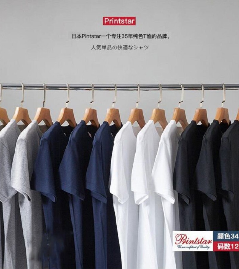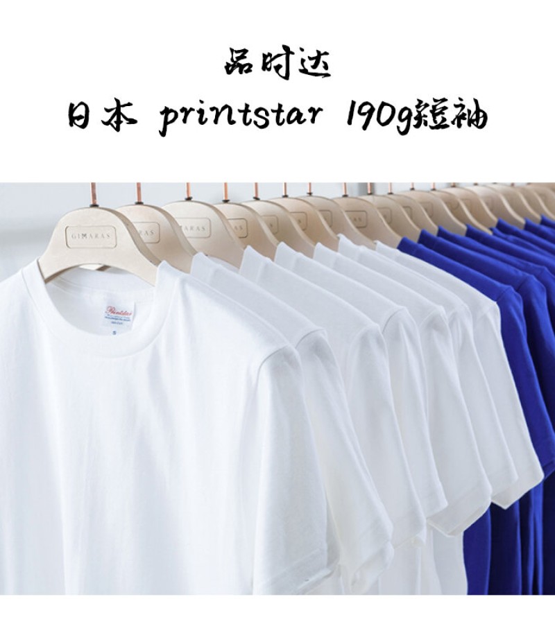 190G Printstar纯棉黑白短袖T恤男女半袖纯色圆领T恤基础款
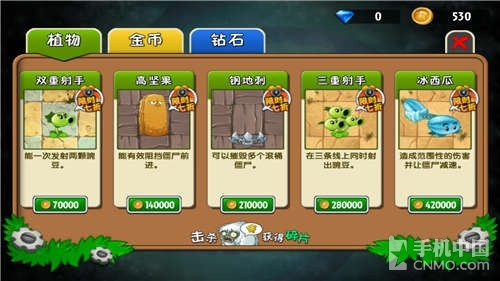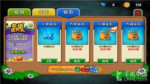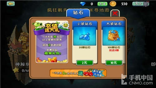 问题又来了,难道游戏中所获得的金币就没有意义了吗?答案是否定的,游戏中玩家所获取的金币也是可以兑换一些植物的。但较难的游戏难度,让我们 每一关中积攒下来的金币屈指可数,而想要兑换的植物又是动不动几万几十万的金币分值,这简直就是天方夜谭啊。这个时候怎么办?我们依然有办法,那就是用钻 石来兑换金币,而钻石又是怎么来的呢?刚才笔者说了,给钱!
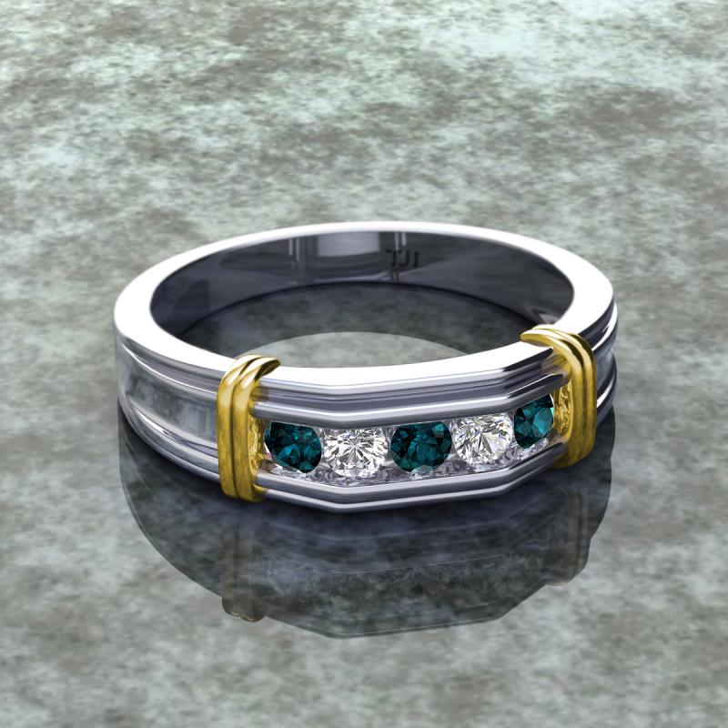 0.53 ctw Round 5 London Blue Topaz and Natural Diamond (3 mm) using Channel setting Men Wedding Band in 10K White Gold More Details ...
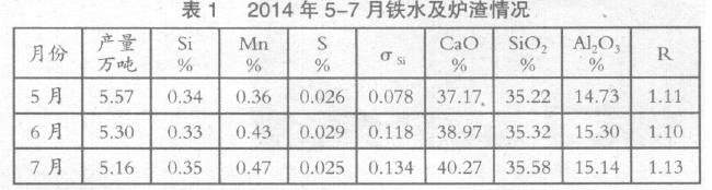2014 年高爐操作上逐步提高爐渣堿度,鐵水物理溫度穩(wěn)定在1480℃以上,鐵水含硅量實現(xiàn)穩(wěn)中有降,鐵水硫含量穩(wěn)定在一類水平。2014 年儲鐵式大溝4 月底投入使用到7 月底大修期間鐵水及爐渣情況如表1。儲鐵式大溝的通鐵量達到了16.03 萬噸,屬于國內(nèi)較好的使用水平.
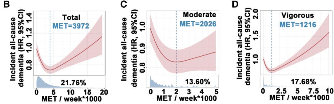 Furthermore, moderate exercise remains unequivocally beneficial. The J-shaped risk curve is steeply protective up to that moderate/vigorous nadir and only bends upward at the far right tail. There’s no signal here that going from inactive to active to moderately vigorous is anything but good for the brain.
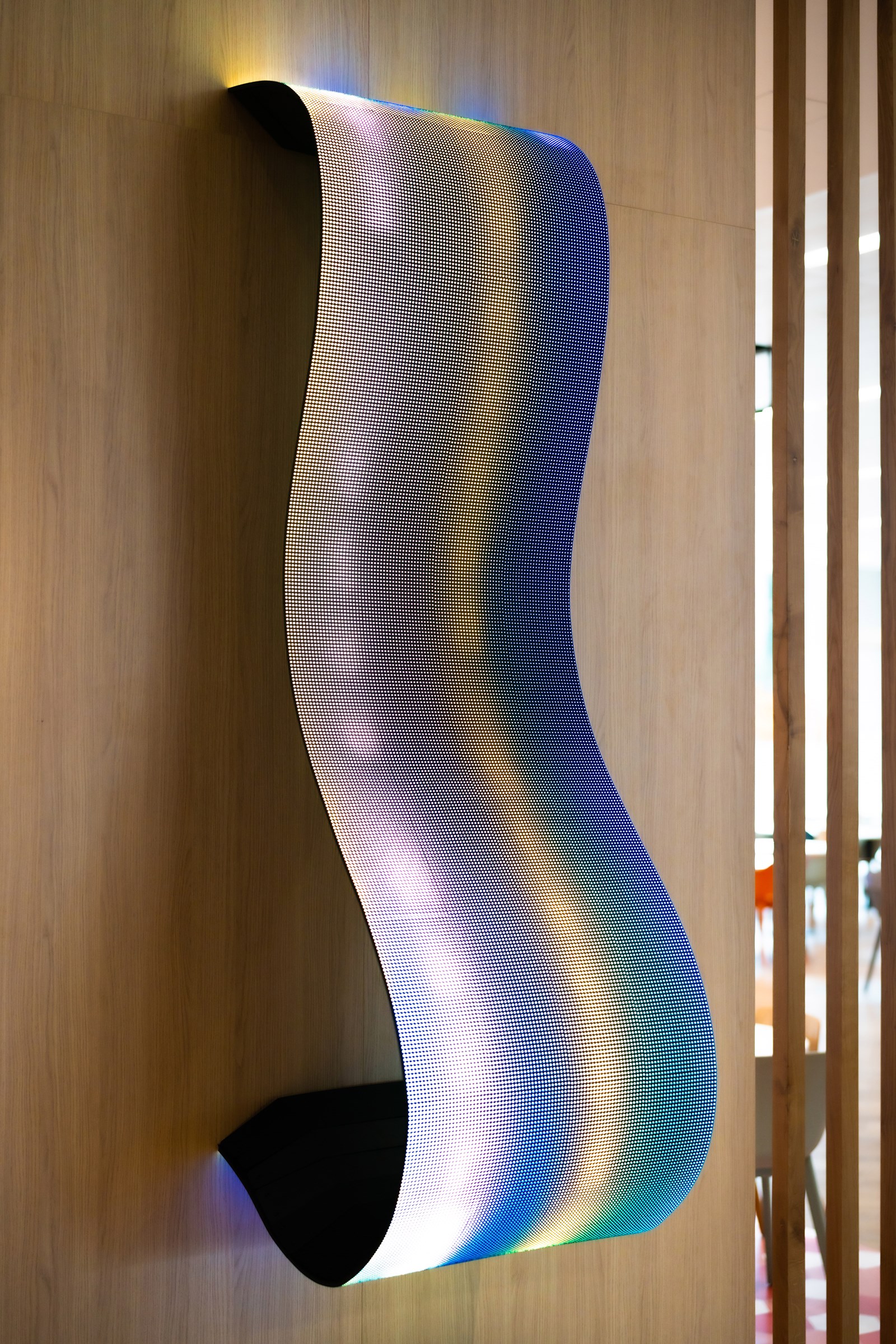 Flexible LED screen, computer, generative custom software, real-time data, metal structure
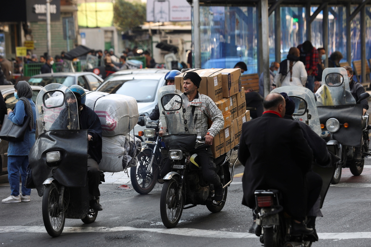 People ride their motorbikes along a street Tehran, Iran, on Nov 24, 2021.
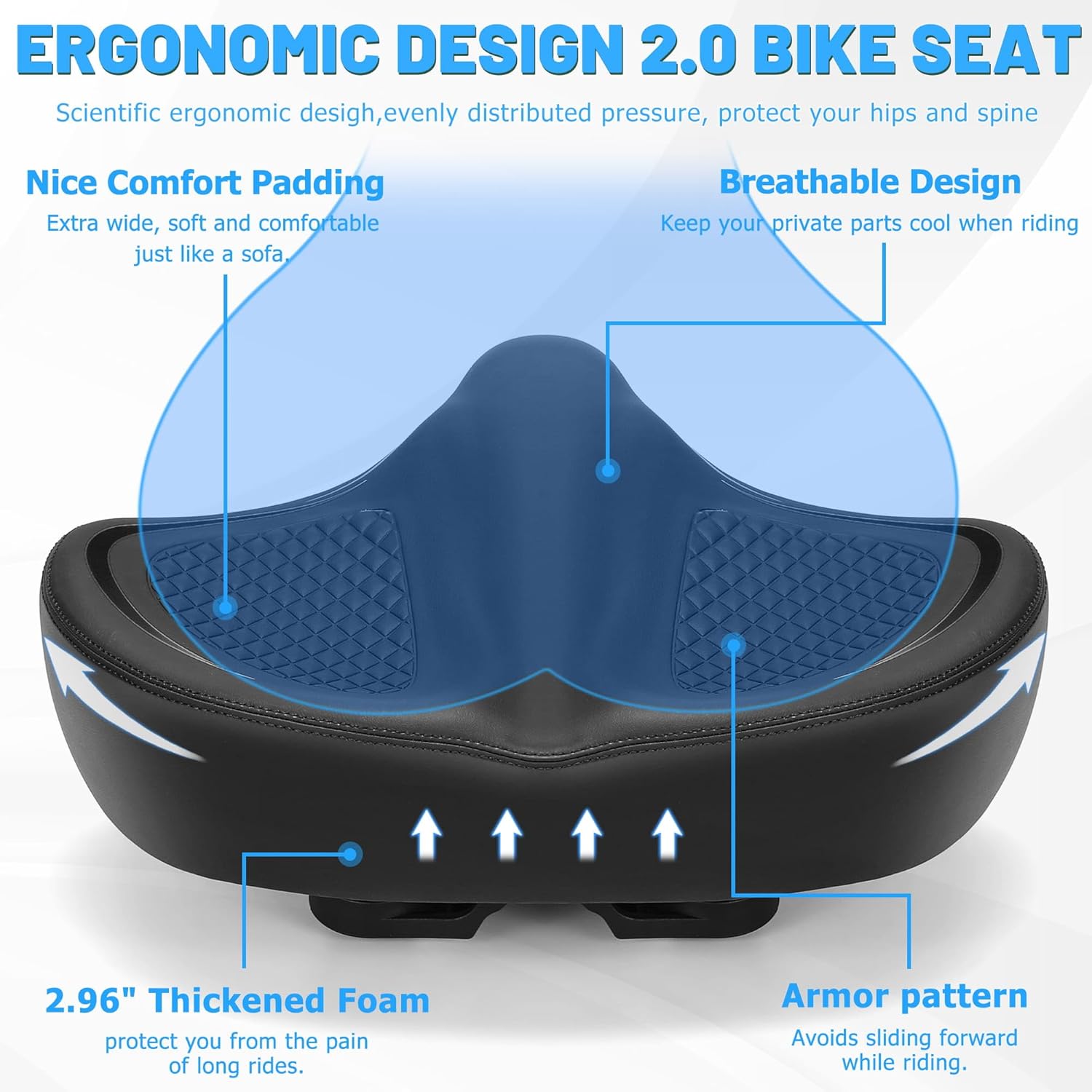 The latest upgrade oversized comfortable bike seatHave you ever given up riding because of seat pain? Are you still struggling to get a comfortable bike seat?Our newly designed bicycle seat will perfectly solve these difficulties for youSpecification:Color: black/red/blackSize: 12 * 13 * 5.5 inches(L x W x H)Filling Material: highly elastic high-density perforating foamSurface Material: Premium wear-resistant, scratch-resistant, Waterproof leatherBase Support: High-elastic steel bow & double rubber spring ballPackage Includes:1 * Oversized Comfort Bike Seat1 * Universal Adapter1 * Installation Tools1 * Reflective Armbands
* * *
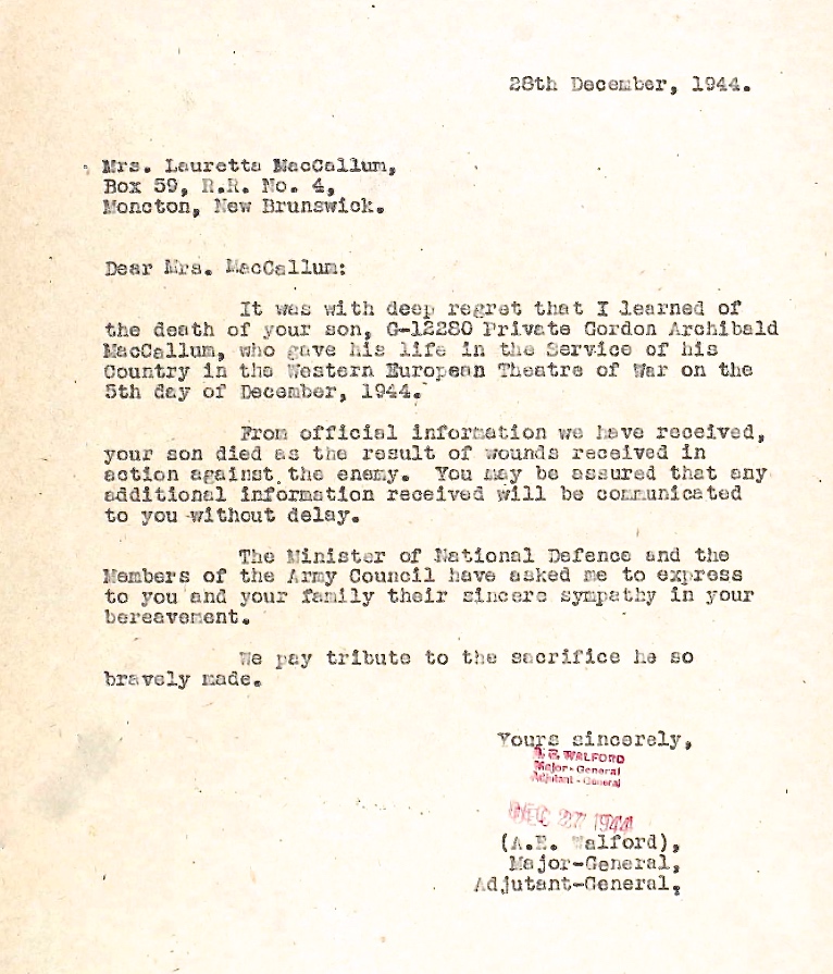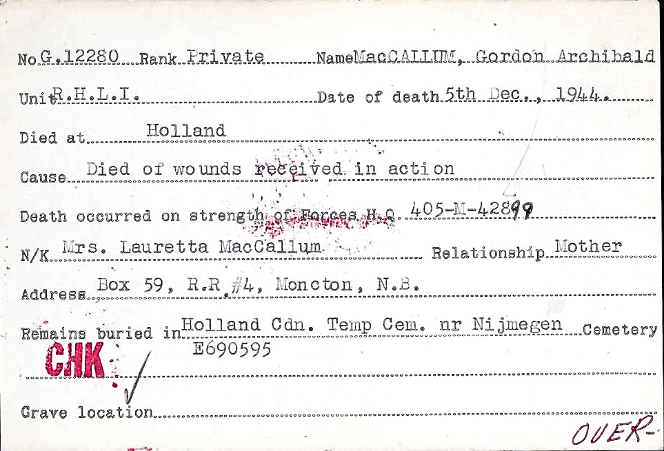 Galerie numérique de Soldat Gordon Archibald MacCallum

__ACTION ITEM__. Using the data above, return the lines from the one holding "月底投入使用到7 月底大修期間鐵水及爐渣情況如表1。儲鐵式大溝的通鐵量達到了16.03 萬噸,屬于國內(nèi)較好的使用水平." through the one holding "The latest upgrade" exactly, but not the pictures.

__YOUR SOLUTION__.
2014 年高爐操作上逐步提高爐渣堿度,鐵水物理溫度穩(wěn)定在1480℃以上,鐵水含硅量實現(xiàn)穩(wěn)中有降,鐵水硫含量穩(wěn)定在一類水平。2014 年儲鐵式大溝4 月底投入使用到7 月底大修期間鐵水及爐渣情況如表1。儲鐵式大溝的通鐵量達到了16.03 萬噸,屬于國內(nèi)較好的使用水平.
 Furthermore, moderate exercise remains unequivocally beneficial. The J-shaped risk curve is steeply protective up to that moderate/vigorous nadir and only bends upward at the far right tail. There’s no signal here that going from inactive to active to moderately vigorous is anything but good for the brain.
 Flexible LED screen, computer, generative custom software, real-time data, metal structure
 People ride their motorbikes along a street Tehran, Iran, on Nov 24, 2021.
 The latest upgrade oversized comfortable bike seatHave you ever given up riding because of seat pain? Are you still struggling to get a comfortable bike seat?Our newly designed bicycle seat will perfectly solve these difficulties for youSpecification:Color: black/red/blackSize: 12 * 13 * 5.5 inches(L x W x H)Filling Material: highly elastic high-density perforating foamSurface Material: Premium wear-resistant, scratch-resistant, Waterproof leatherBase Support: High-elastic steel bow & double rubber spring ballPackage Includes:1 * Oversized Comfort Bike Seat1 * Universal Adapter1 * Installation Tools1 * Reflective Armbands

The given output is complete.